Teradata / presto

Teradata Distribution of Presto -- A Distributed SQL Query Engine for Big Data
http://www.teradata.com/presto
Apache License 2.0
94 stars 21 forks source link

Clustered Hive tables support???? #716

Open zzmg opened 7 years ago

zzmg commented 7 years ago

I installed presto_server_pkg.0.167-t.0.2 on the cento7.2. According to the document installed presto-admin,and the coordinator and workers are on a machine。

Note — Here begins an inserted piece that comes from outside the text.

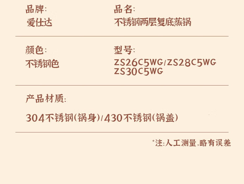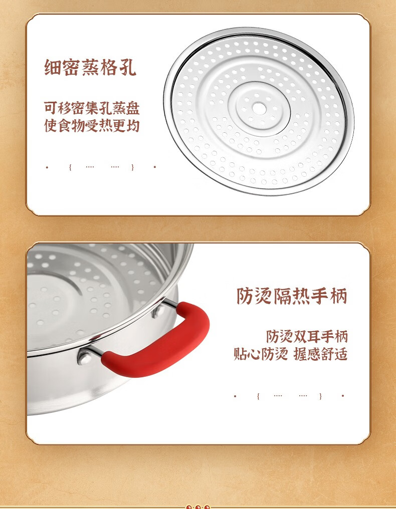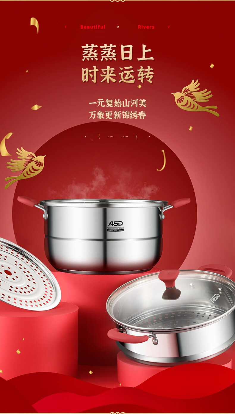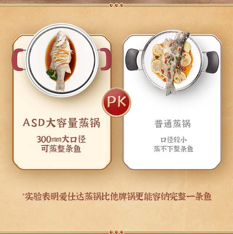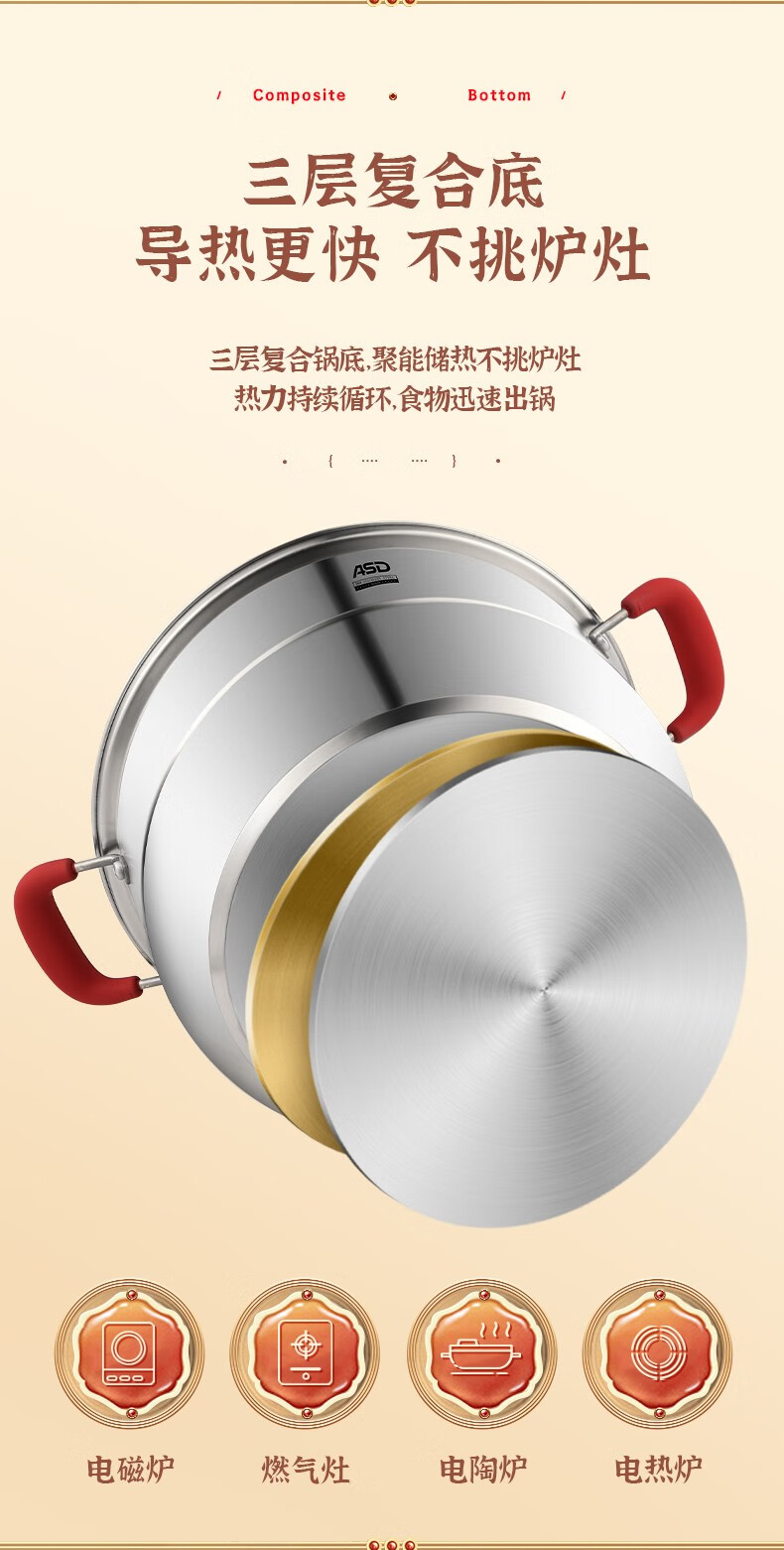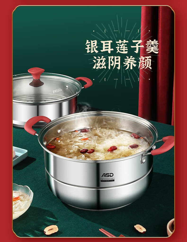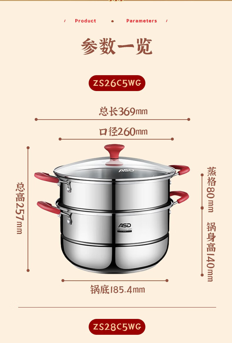 ASD steamer 304 stainless steel pot household double-layer heightened large-capacity steamed bun pot glass lid double bottom electromagnetic universal 30cm double-layer steamer (1 steamer + 1 steaming grate)

  1. Data Sources flume-->hive hive table:create table test (bytes_in int,bytes_out int,device_id string,device_type string,host string,latency int,level string,method string,msg string,path string,referer string,remote_ip string,response_code int,route string,status int,type string,uri string,user_agent string,user_id bigint,time string) PARTITIONED BY(year string,month string,day string) clustered by (user_id) into 5 buckets stored as orc TBLPROPERTIES ("transactional"="true");

  2. hdfs path /user/hive/warehouse/logs.db/test/year=2017/month=10/day=26/delta_0018401_0018500/bucket_0000 According to the document,I have set hive.multi-file-bucketing.enabled config property in the hive.properties and set session property. presto:logs> set session hive.multi_file_bucketing_enabled = true; SET SESSION but,through the use of presto query error: presto:logs> select count() from test; Query 20171026_065023_00034_4pi6j failed: Hive table is corrupt. It is declared as being bucketed, but the files do not match the bucketing declaration. Found sub-directory in bucket directory for partition: year=2017/month=10/day=26

According to the document, https://teradata.github.io/presto/docs/current/release/release-0.167-t.html Fix issue “Hive table is corrupt. It is declared as being bucketed, but the files do not match the bucketing declaration. The number of files in the directory (1) does not match the declared.” by fixing support for Hive bucketed tables. See option hive.multi-file-bucketing.enabled in the Presto Hive connector documentation.

but,,,,,,, who can help me????????